On 17 Jul 2006, at 16:01, Daniël Mantione wrote:

As I said, you do not have to parse that unless you have an internal linker. And even then you only have to parse linker options for the platforms you support. Also, depending on which gtk you link against on Mac OS X you may need to link umpteen gtk/gdk libraries, or need a "-framework Gtk+- Cocoa" or similar linker switch (which would be hard to support with Marco's approach).

Ok, with gtk-config the right way to get the libraries is "gtk- config --libs".
With tclConfig.sh you have to source that in a shell script and read
environment variables afterwards.

So, in order to support this, we would need to write a hack when a
{$linklink gtk} occurs and write gtk-config specific code. For a different
library we would need a different hack.

Of course not. You should never change a {$linklib magicstring} into some command. The exact command(s) to be executed would have to be embedded in the unit with a compiler directive (and probably, just like library name, be ifdef'd per platform).

Also, fact is we do have an internal linker and it will hopefully be
used for most platforms in the future.

I do not see this happening any time soon for e.g. Mac OS X.

Ultimately it will go in the same
direction as with the assembler readers even for external linkers: In
order to fully understand the parameters, the compiler must understand
them.

Yes, this is a downside of integrating everything (with the upside being speed and memory usage, obviously).

Generate 3 units, and introduce some unit aliases for gtk like Marco did for libraries, problem solved. That is still a lot more generic ‹solution
than *-config and a lot less work.

Of course making the developer type in everything manually is always more generic and less work for us. That is not my point, and I'm not against providing this functionality. As I said in my reply to Marco, I consider it complementary, as a last resort if all else fails.

It's not just gtk which uses this, at east sdl also does. And the fact that it doesn't solve world hunger does not mean it's not useful to support it.

We should design a system that does solve world hunger. I'm serious about that: if we want to be a more professional tool than C, we should not copy
the defficiencies. Makefiles are one of them, Autohell is another, and
I consider this one such a thing as well.

I think all this "competing with C" and not-invented-here syndrome is downright silly, along with all the claiming that most bad things come from C. If anything, it comes mostly from the standard Unix design philosophy (small, well-delineated tools which perform their core function and *only* that core function). Most *nix C compilers follow that principle very well, but other C development environments are more integrated (like commercial Mac and Windows IDEs, where you sometimes can hardly e.g. tell the compiler from the linker).

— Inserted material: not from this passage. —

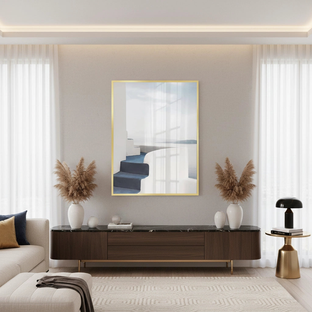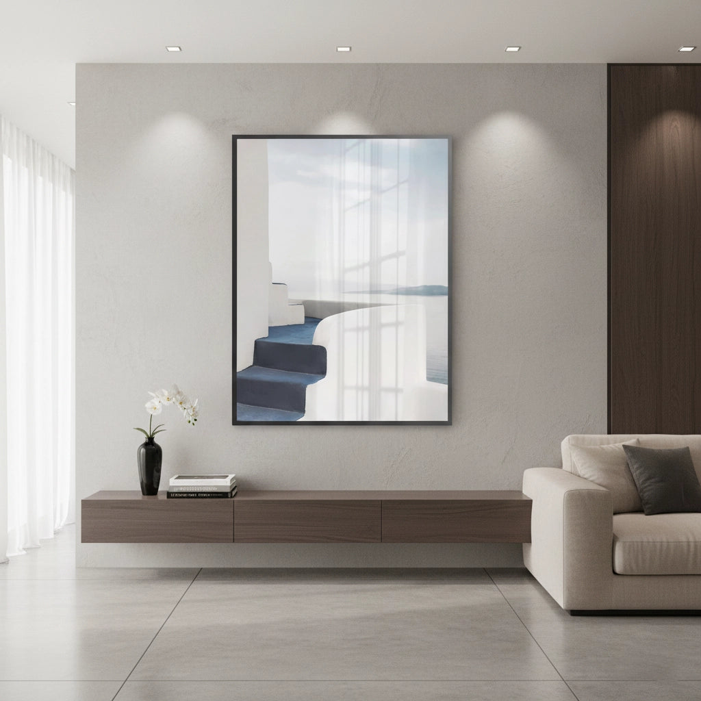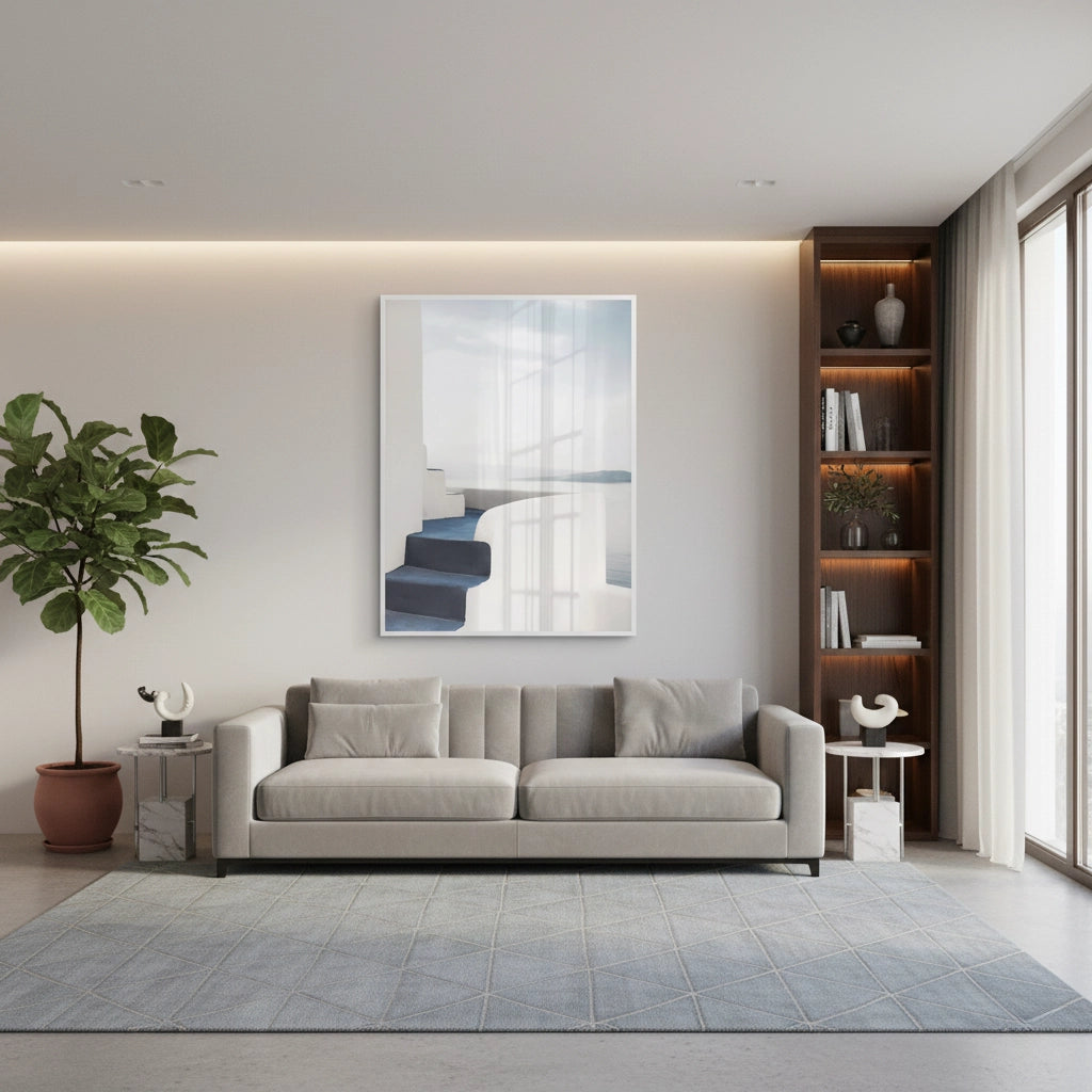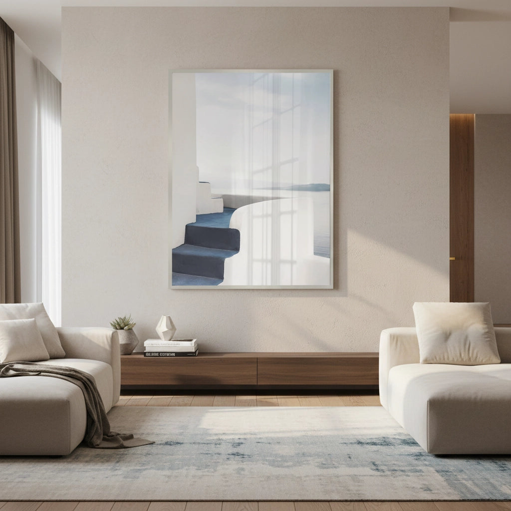 Refresh your interior with the serene Santorini Blue Stairs print, a stunning piece of minimalist architectural art. This artwork captures the iconic essence of Greece, featuring vibrant blue steps winding through crisp, white-washed walls. The composition flows into a soft, misty coastal horizon, bringing a breath of fresh Mediterranean air to your walls. Finished with a premium vertical texture, this print offers a sophisticated, high-end feel. It is the perfect choice for adding a modern, calming, and coastal vibe to a bright living room, a contemporary bedroom, or a chic office space in Dubai.

We are only a small team, and by playing the elite Pascal geeks who are going to show how much the C world sucks by doing everything different, we are going to keep getting stuck by having to reimplement everything because we cannot work with what is already there. People often talk about how stupid Mac users supposedly are and how elite they consider themselves. Well, this Pascal-elitism and C-hostility by some gives the Pascal community just as bad a name, even though just like in the Mac community most people probably couldn't care less about these little superiority wars.

To get back on topic: the more hacks you add to work around already- existing infrastructure "because we don't want to rely on external tools", the more you force yourself to keep doing that more and more forever in the future. If you like that, fine. I don't.

The problem in this particular case is not C, it is the way most OS's (do not) support library management. There are various workarounds to make it less painful, and this *-config script thing is one way which is fairly straightforward and which is being adopted in various places (sometimes even fairly general, grouping everything together in a global pkg-config script). Adding support for using this existing infrastructure is good if it can help solving some problems without people needing to know the nitty-gritty details of how the libraries are called on their system.

Still, you can put some autodetections in samplecfg, but the compiler
itself is really the wrong location to do so.

samplecfg only works at install time of the compiler, which is the wrong time. People don't decide at install time which package, which variant and which
version of it they will want to use one day.

The compiler or linker is the only right place to do it (unless you wrap the whole thing with a configure script and Makefiles, in which case you can do it
there -- but our compiler largely replaces exactly that).

This we agree on, the compiler should do the work.

Above you said that the compiler is the wrong location?

Anyway, I never said I agree with this principle (although it sure is very convenient in a lot of cases, in others it's very annoying because it requires that you roll your own solution for everything). I simply said this is how the compiler works.